When there are divergent transitions in the model, high R-hat is often just another symptom of the problematic geometry that caused the divergences. If there are “maximum treedepth” warnings alongside high R-hat, it usually reflects a problematic geometry of the posterior that is hard to traverse efficiently and is often a side effect of setting very high adapt_delta in an attempt to resolve divergences.

What might be helpful is if you simulate fake data based on your model and priors, attempting to a distribution that is similar to your target y.

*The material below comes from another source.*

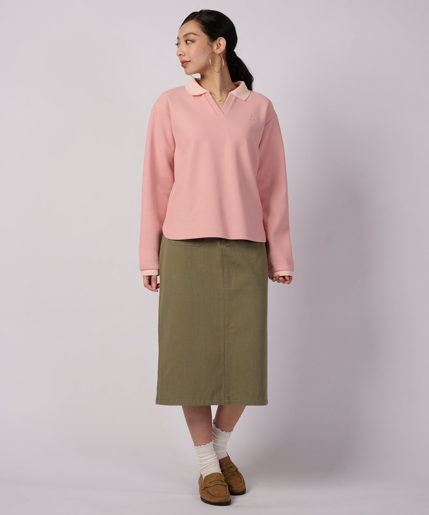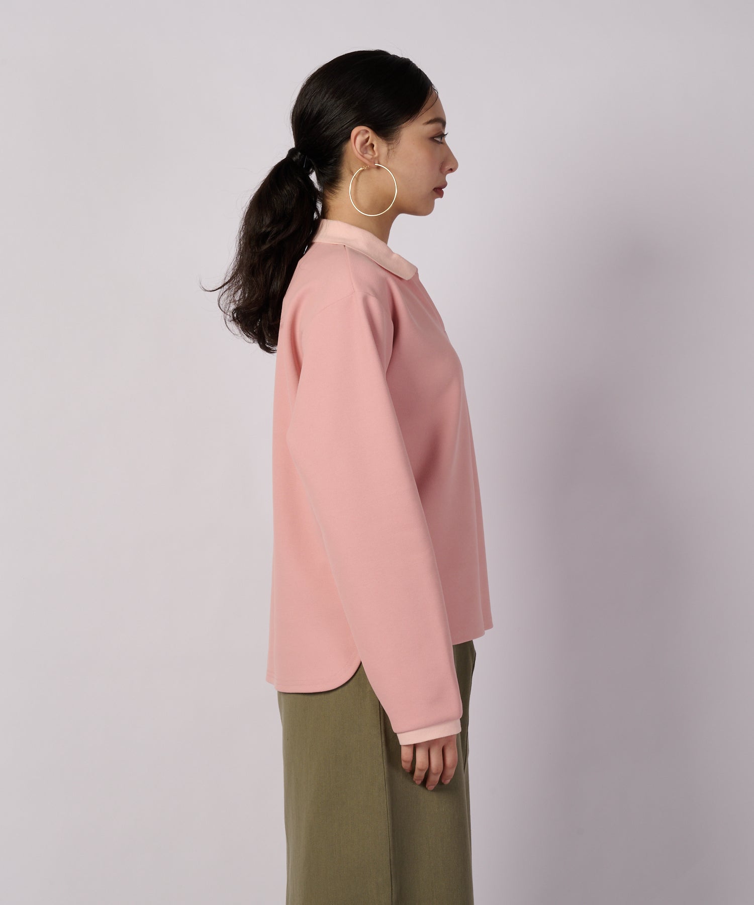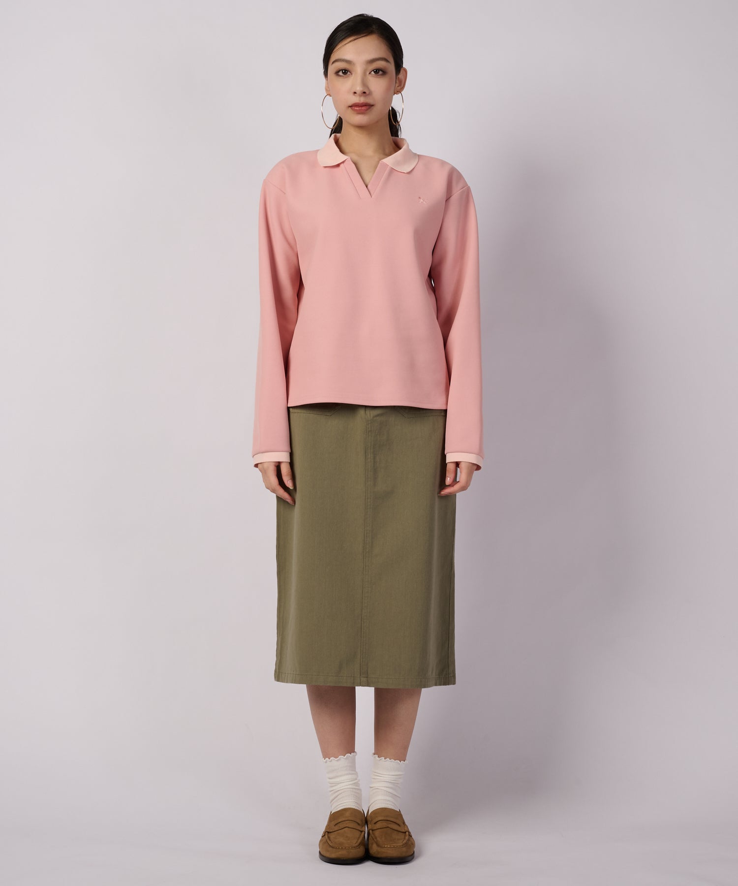クリーンな印象の長袖ポロ。

Also are you sure you posted the model that you compiled and ran? alpha is a real while gamma and tau are vectors which looking at the code for the stan math library I think that should throw either compile or runtime error

1 Like

I set it now, it works thank you!

@stevebronder this compiles and runs for me on 2.29.1; I think it is doing the analogous thing to the program in the OP. It’s a bit counterintuitive that it runs, and I can only make an educated guess as to what it’s doing, but it does run:

parameters {
  vector[10] alpha;
  real beta;
}
model {
  alpha ~ std_normal();
  beta ~ normal(alpha, 1);
}

Yup it does run.

That’s more iterations than you should need for most well-behaved problems. When you see that every transition exceeds max tree depth, there are bigger problems.

With your data size, the real problem is probably that you’re using a centered parameterization. You can change that to non-centered this way:

real<offset=gamma, multiplier=tau> alpha;
vector<offset=gamma, multiplier=tau>[K] beta;

Usually the intercepts get wider priors that are unrelated to the slopes. But I just rewrote your model. The offset/multiplier don’t change the target density, just the geometry over which sampling takes place.